Fig 2. Trypanolytic activity of recombinant APOL1.

Fig 2

The percentage of viable trypanosomes was determined following a 24-hour exposure to media containing serial dilutions of A) recombinant Human APOL1 protein and B) recombinant P. papio APOL1 protein. Representative T. brucei sub-species strains were tested: T. b. brucei (strain STIB247), T. b. rhodesiense (strain EATRO98), T. b. gambiense group 1 (strain ELIANE), and T. b. gambiense group 2 (strain STIB386). Additional assays were performed with different strains of T. b. gambiense group 1 and are provided in S4 Fig. The mean percentage cell survival ± SD, relative to protein-free control, was calculated from at least three independent experiments. Dose–response curves and IC50 values with 95% confidence intervals (CI) were determined using GraphPad Prism software version 7. APOL1-mediated lysis of each isolate was prevented by the inclusion of an acidotropic agent (10 mM NH4Cl) in the assay.

T. b. gambiense group 1 HpHbR reduces sensitivity to P. papio serum lysis

A reduced sensitivity to lysis was observed for both the predominant T. b. gambiense group 1 and minor group 2 strains, relative to T. b. brucei and T. b. rhodesiense, when incubated with P. papio serum, but not recombinant APOL1 protein. We postulated that for T. b. gambiense group 1, this difference might be the result of disparity in the rate of uptake of APOL1 versus APOL1–containing trypanolytic factors by these parasites. In normal human serum, HPR bound to haemoglobin, acts as ligand to facilitate TLF-1 uptake via the T. brucei HpHbR receptor [23,78]. However, a defining feature of T. b. gambiense group 1 strains is a decrease in TLF-1 internalisation as a result of reduced HpHbR expression and a conserved L210S substitution that reduces the binding affinity of HpHbR for its ligand [50,79]. Reduced TLF uptake via HpHbR contributes to the invariant human serum resistant phenotype of these parasites, although alone is insufficient to impart resistance to human serum [78] due to the existence of other speculated receptors for TLF-1 [80,81], and the additional TLF-2 particle in human serum for which the uptake mechanisms remain unknown [21,82,83]. In contrast, recombinant APOL1 is internalised by non-specific fluid phase endocytosis and trafficked through the endolysosome pathway, thus completely circumventing the HpHbR receptor [27,48].

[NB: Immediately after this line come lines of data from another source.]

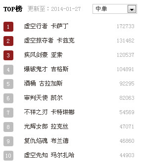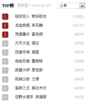 一周TOP英雄榜:龙女跌至第十 螳螂蔚进前五
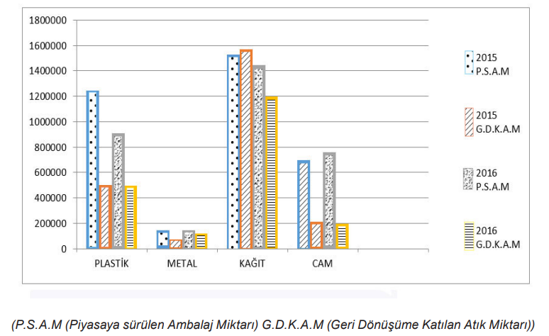 2015-2016 Yıllarında ülkemizde piyasaya sürülen bazı ambalaj miktarlarının ve bunların geri dönüşüme kazandırılma miktarlarının sayısal değerleri grafikte gösterilmiştir.
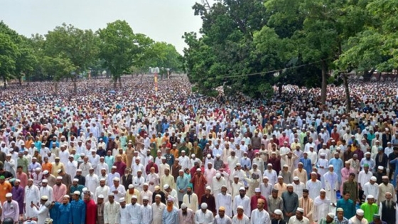 প্রতিবছরের মতো এবারও দেশের বৃহত্তম ঈদের জামাত অনুষ্ঠিত হয়েছে, কিশোরগঞ্জের ঐতিহাসিক শোলাকিয়া ঈদগাহ ময়দানে। প্রায় আড়াইশ বছরের পুরনো এ মাঠে এবার ছিল ঈদুল আযহার ১‘শ ৯৮ তম জামাত। জামাত শুরু হয় সকাল ৯টায়। এর আগে ভোর থেকে মুসল্লিরা দলে দলে আসতে থাকেন ঈদগাহের দিকে। দেশের দূর-দূরান্তের মুসল্লিরা শোলাকিয়ায় ঈদের জামাতে অংশ নেন। তবে কোরবানির আনুষ্ঠানিকতার কারণে এবার শোলাকিয়ায় মুসল্লির সমাগম ছিল কম। জামাতে মুসল্লিদের উদ্দেশ্যে বয়ান করেন মাওলানা আবুল খায়ের মোহাম্মদ সাইফুল্লাহ। বিশাল এ মাঠে ইমামতিও করেন তিনি।

The number of molecules in the TLF complex and its exact structural composition in baboon serum is currently unresolved, but a representative baboon species, P. hamadryas, has been demonstrated to have similar constitutive components (HPR and APOL1) to human TLF [14]. As T. b. gambiense group 1 parasites have a reduced uptake of human TLF-1 but the other subspecies do not we postulated that a similar mechanism could reduce the uptake of P. papio TLF particles by T. b. gambiense group 1 strains, which is corrected by direct incubation in recombinant APOL1 protein. To investigate this we repeated the serum resistance assays using a T. b. gambiense ELIANE strain expressing a functional T. b. brucei HpHbR receptor (ELIANE TbbHpHbR -/+), that was previously generated by our laboratory and demonstrated to take up comparable amounts of TLF-1 to T. b. brucei [51]. As previously observed, expression of the functional T. b. brucei HpHbR receptor alone was insufficient to convert the phenotype of T. b. gambiense to human serum sensitivity and this clone (TbbHpHbR -/+ T. b. gambiense) retains full resistance to normal human serum (Fig 3A). However, it exhibits a 1000-fold increased sensitivity to P. papio serum (relative to the wild-type T. b. gambiense group 1 ELIANE strain), producing an IC50 value (0.0005%) comparable to that observed for the T. b. brucei and T. b. rhodesiense sub-species (Fig 3B and S2 Fig). Taken together, the serum and APOL1 assays indicate that diminished TLF uptake via the HpHbR receptor, rather than higher innate resistance to P. papio APOL1-mediated lysis underlies the increased resistance to P. papio serum observed for T. b. gambiense group 1 strains.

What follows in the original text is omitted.